Internal Report Paints Bleak Picture of Human Life Science Research at NASA (part 1)
![]() |
You can download the entire 100 page report (with appendices, charts, etc.) here (5.6 MB PDF).
The first portion of the document describes how the Space and Life Sciences Division at NASA JSC is supposed to conduct business. The second part of this report (excerpts below) opens by saying “Despite the apparent order of the process described above, the reality of the current program tells a more chaotic story.”
The third section of this report “Recommendations” ends with “The issue is clear. Voodoo science is not worth the cost. The limb of the fault tree Life Sciences is perched upon is perilously close to breaking.”
The last portion of this report contains a detailed statistical analysis of JSC life science research.
None of the problems described in this document arose overnight. Indeed, they are the result of decades of bad decisions – both at JSC as well as at NASA HQ. These problems are also the result of a failure on the part of advisory committees – both those sponsored by NASA as well as those chartered external to the agency.
Having been deeply involved myself in the advisory, peer review, and payload integration aspects of NASA’s life sciences programs in the 1980s and 1990s, I saw much of this with my own eyes. It hasn’t gotten any better.
NASA may soon be handed a new mandate for humans to do new things in space. Unless NASA gets its life sciences research house in order, NASA will not be able to respond to that mandate.
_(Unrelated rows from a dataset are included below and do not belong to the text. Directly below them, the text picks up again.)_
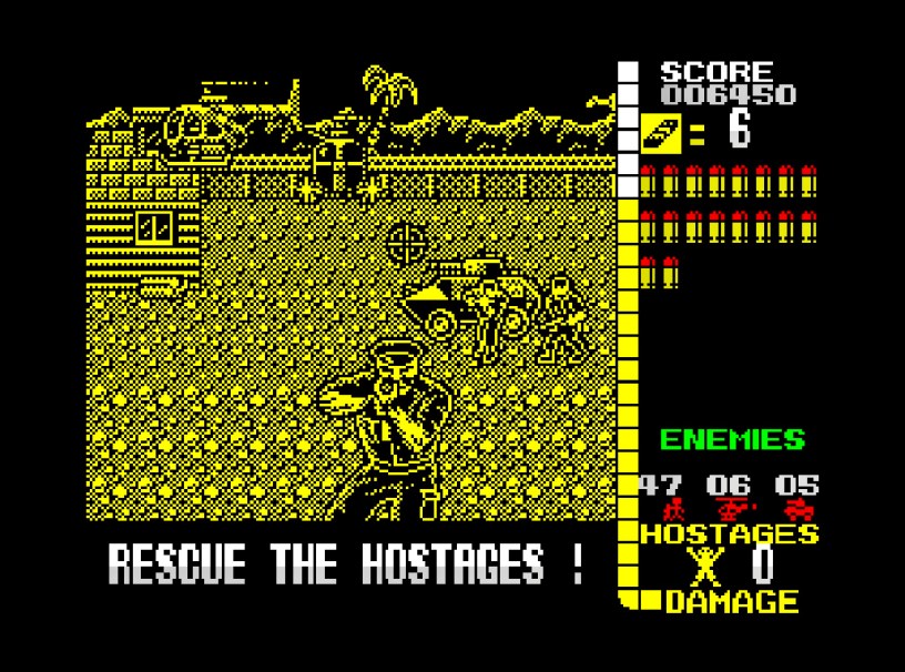 The story, such as it was, was true to the arcade original – go through six military themed levels in jungles, prison camps, airports and various bases to rescue the hostages. Each one was a bit more than just shooting everything in sight; you’d have a task like cutting off the enemy communications or getting information out of the enemies, although all of that did involve shooting everything that moved unless it was one of the fleeing civilians or nurses carrying some unfortunate in a stretcher who shouted “NO!” if you shot them. The first few levels were all do-able but I’m not sure I ever got to the end of the final level in the airport.
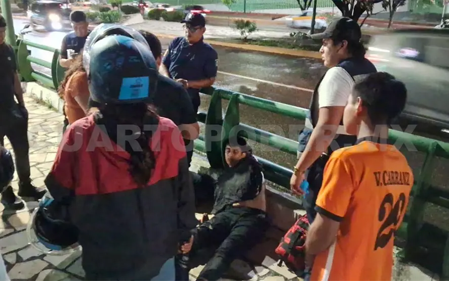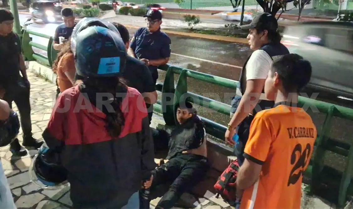 Sin embargo, al acercarse a la zona universitaria, un vehículo le cerró el paso abruptamente, lo que obligó al joven conductor a intentar cambiarse al carril de baja velocidad. Por esta maniobra, perdió el control de su motocicleta, impactándose violentamente contra el camellón central y saliendo proyectado hacia el pavimento.
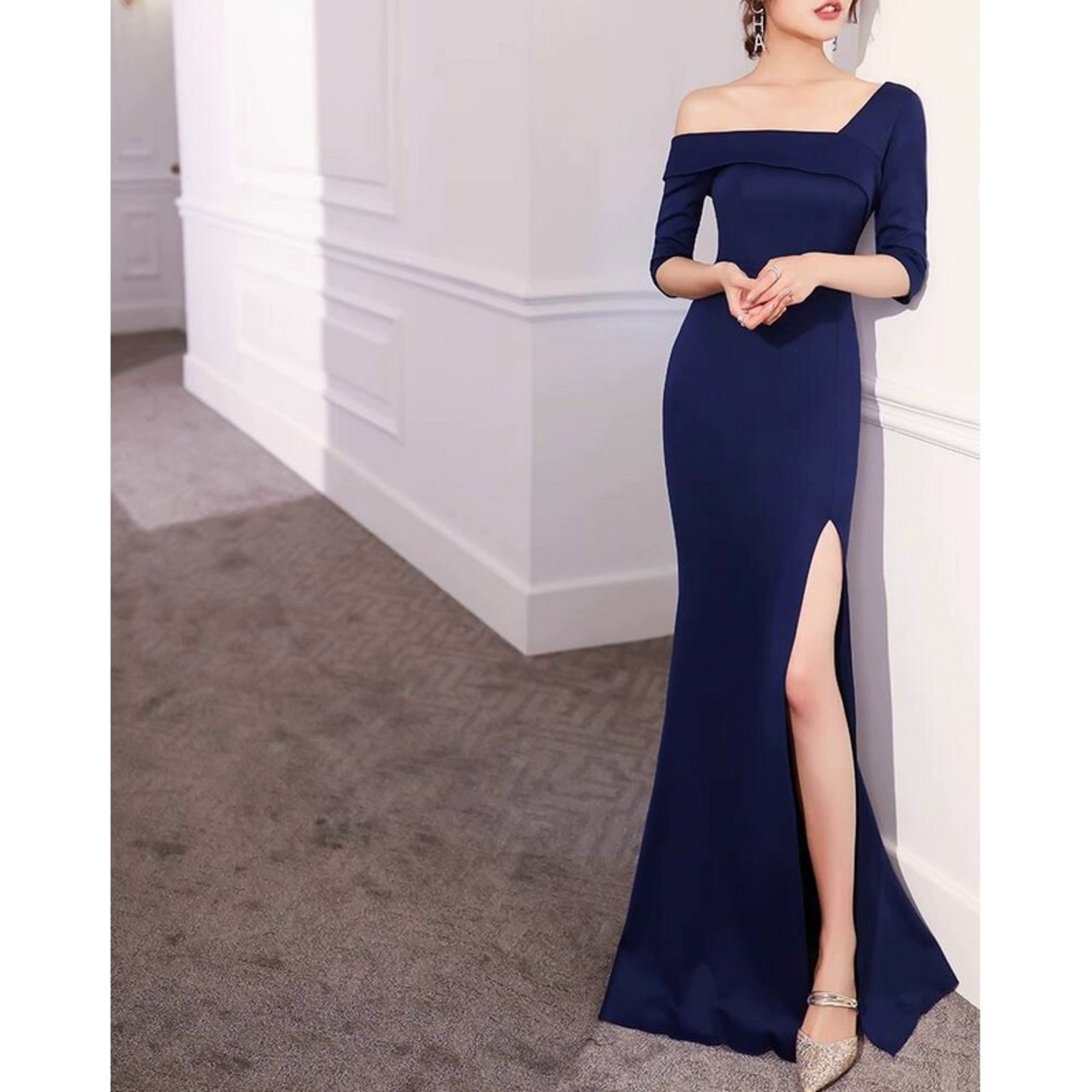 片側オフショルダーのカットが洗練された印象を与える、品格漂う一着。
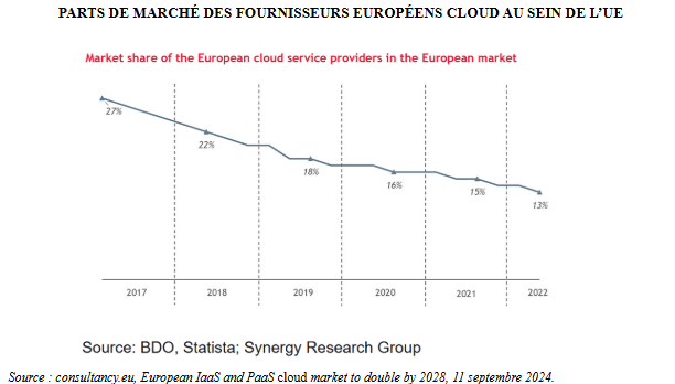 La part de marché des entreprises UE du cloud au sein de l'UE se réduitLa part de marché des entreprises UE du cloud au sein de l’UE se réduit

Editor’s note: The following was sent by email on 21 Oct 2003 by L.H. Kuznetz, the author of this white paper, in response to its posting online: “The Whitepaper entitled, Human Life Sciences Research Aboard the International Space Station and the Space Shuttle: A White Paper, dated June 18, 2003, was a first draft document intended by the author to solicit management feedback with regard to life science projects aboard the ISS and Shuttle. This document was for internal review only, and marked NOT FOR DISTRIBUTION for that reason. It was the first in a series of drafts intended to illicit constructive feedback from key program individuals and as such, was intended only for their review. The opinions expressed in the leaked copy were solely that of the author prior to editing and feedback. Based on the feedback received in the intervening period since the first draft, several of the major concerns were addressed in subsequent drafts and others are in the process of being addressed. The author regrets the inadvertent leak of this document and disassociates himself from any interpretations related to this draft. The goal of this work was to take the devil’s advocate position so crucial to the program following the STS-107 accident in order to improve life science research as a whole. It is unfair to judge the program prior to due process. Such a rush to judgment is a disservice to Life Sciences and NASA as well.” |
Human Life Sciences Research Aboard the International Space Station and the Space Shuttle: A White Paper
— LH Kuznetz
06/18/03
CONFIDENTIAL … NOT FOR DISTRIBUTION
Page 3
Acknowledgment
This manuscript was compiled from the input of many people in the Space and Life Sciences Division and represents 21 months of effort. Special thanks go to Al Feiveson, who provided statistical guidance for the Analytical Heirarchy Pairwise method and created the Excel program for the Moving Target Approach. Others whose data formed the foundation of this work include the Experiment Science Managers (ESMs); Internal and External Principal Investigators; Increment Scientists; DSO Flight Experiment Managers and Medical Operations Personnel. Without the input of these passionate and dedicated people, the key conclusions reached in this white paper would not have been possible.
Page 17
2. STATE OF THE CURRENT PROGRAM
Despite the apparent order of the process described above, the reality of the current program tells a more chaotic story. Metrics for the program appear in Figure 7, which reveal that of the 45 experiments either in or about to enter the flight queue, only 13 are designated Red 1 or highest priority, compared to 27 that are Yellow or lower priority. More disturbing is the fact that 18 of these 27 areYellow 2, the next to lowest tier of importance. (The Red, Yellow, Green designation was established by the REMAP commission for a balanced program (Appendix 1). Ignoring for the moment what this says about the science value, only 6 of the 45 are countermeasures (15%) while 85% constitute mechanistic or fundamental studies with no clear path to a countermeasure. This is a clear contradiction to the dictate established by the Young Commission that the development of countermeasures to prevent the deleterious effects of microgravity is the primary mission of ISS.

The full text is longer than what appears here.